• [WHAT YOU NEED TO DO] Do not include the pictures; repeat the rest of the data exactly.

• [PROVIDED DATA]
━━━━━━━━━━━━━━━━

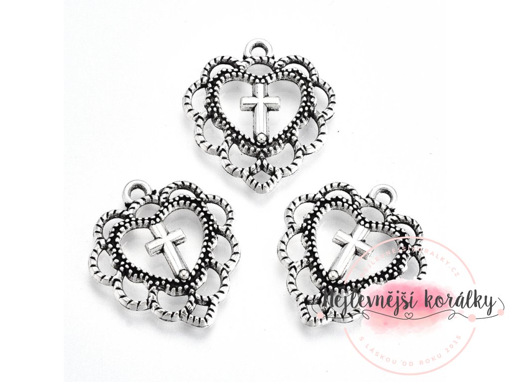 Kovový přívěsek - srdce s křížem - starostříbrný - 21 x 20 x 3 mm - 1 ks
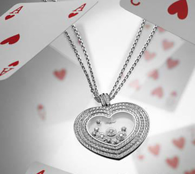 艷麗的快樂(lè)鉆石吊墜鑲飾了三行鉆石,專(zhuān)為盛大的場(chǎng)合而設(shè)計(jì),貼靠在雅致的低胸衣領(lǐng)上閃耀著耀目光芒。燦爛的鉆石隨著滿(mǎn)載愛(ài)意的心臟一起跳動(dòng)。
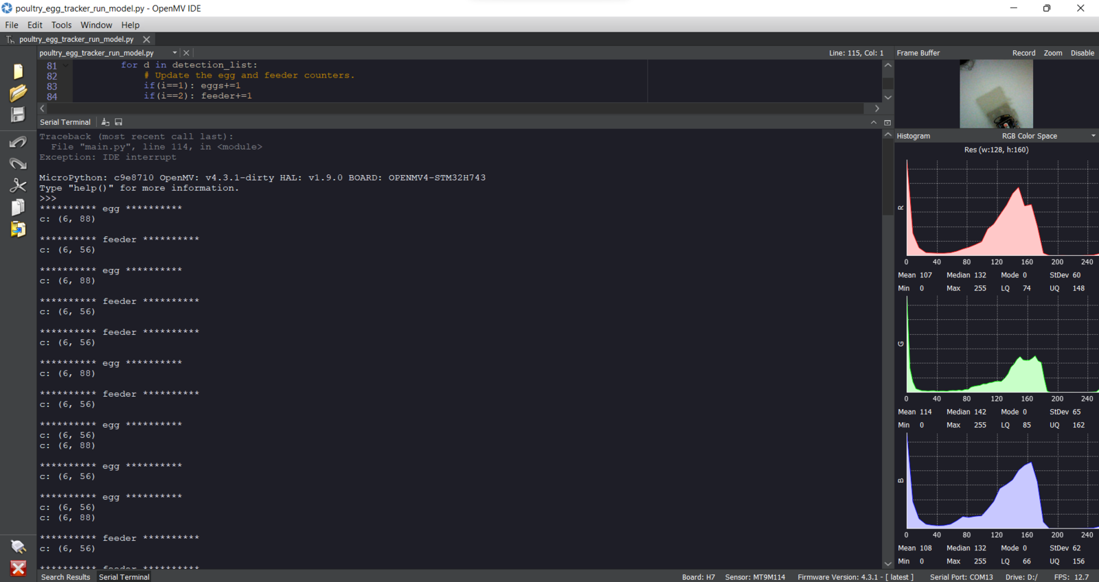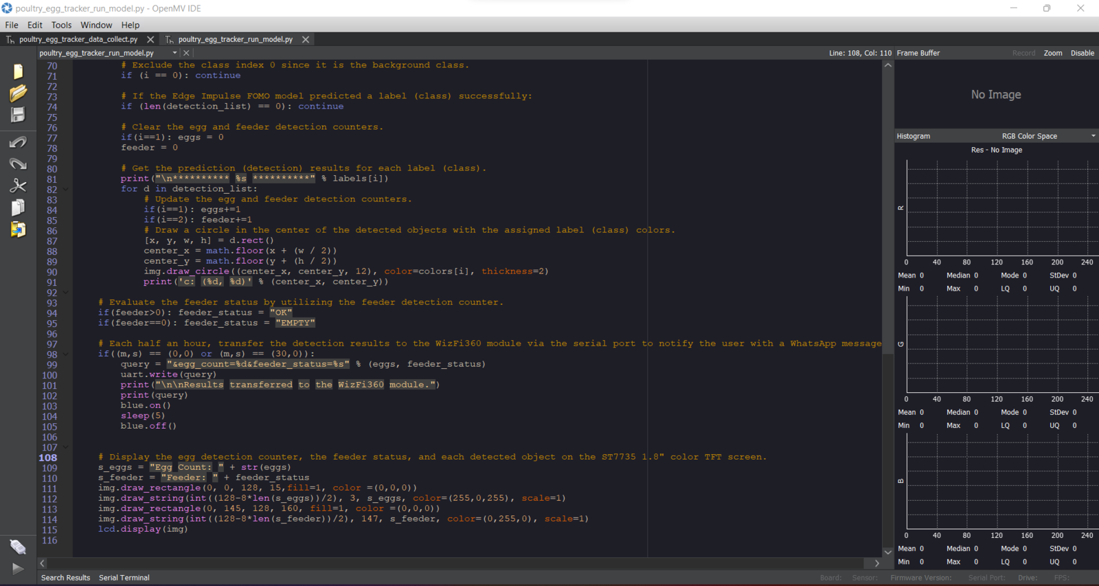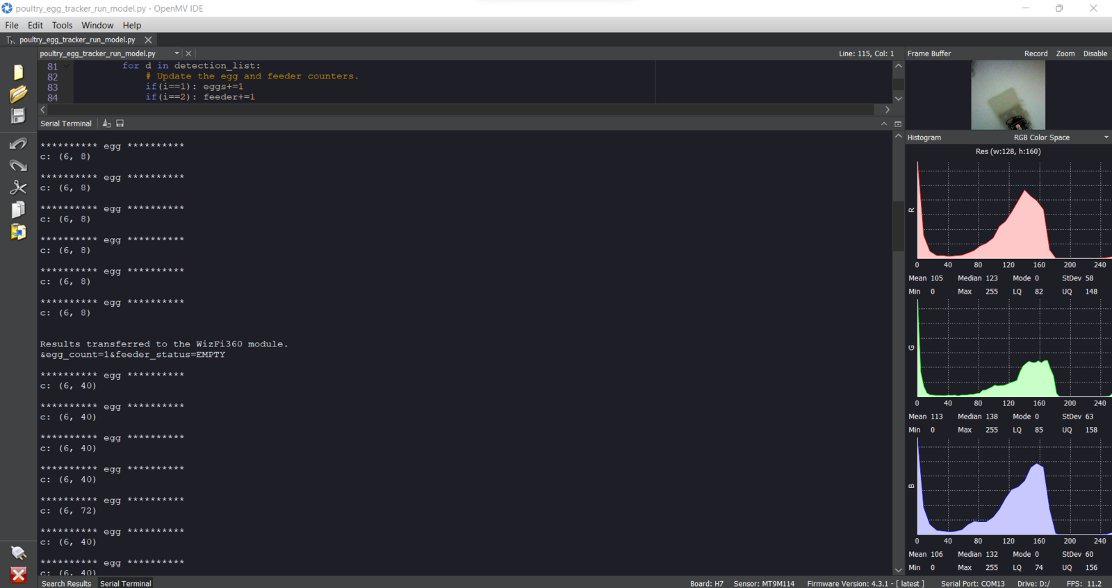 Step 7: Running the FOMO model on OpenMV Cam H7 to track unhatched eggs and the poultry feeder status

━━━━━━━━━━━━━━━━

• [ANSWER BOX]
 Kovový přívěsek - srdce s křížem - starostříbrný - 21 x 20 x 3 mm - 1 ks
 艷麗的快樂(lè)鉆石吊墜鑲飾了三行鉆石,專(zhuān)為盛大的場(chǎng)合而設(shè)計(jì),貼靠在雅致的低胸衣領(lǐng)上閃耀著耀目光芒。燦爛的鉆石隨著滿(mǎn)載愛(ài)意的心臟一起跳動(dòng)。
 Step 7: Running the FOMO model on OpenMV Cam H7 to track unhatched eggs and the poultry feeder status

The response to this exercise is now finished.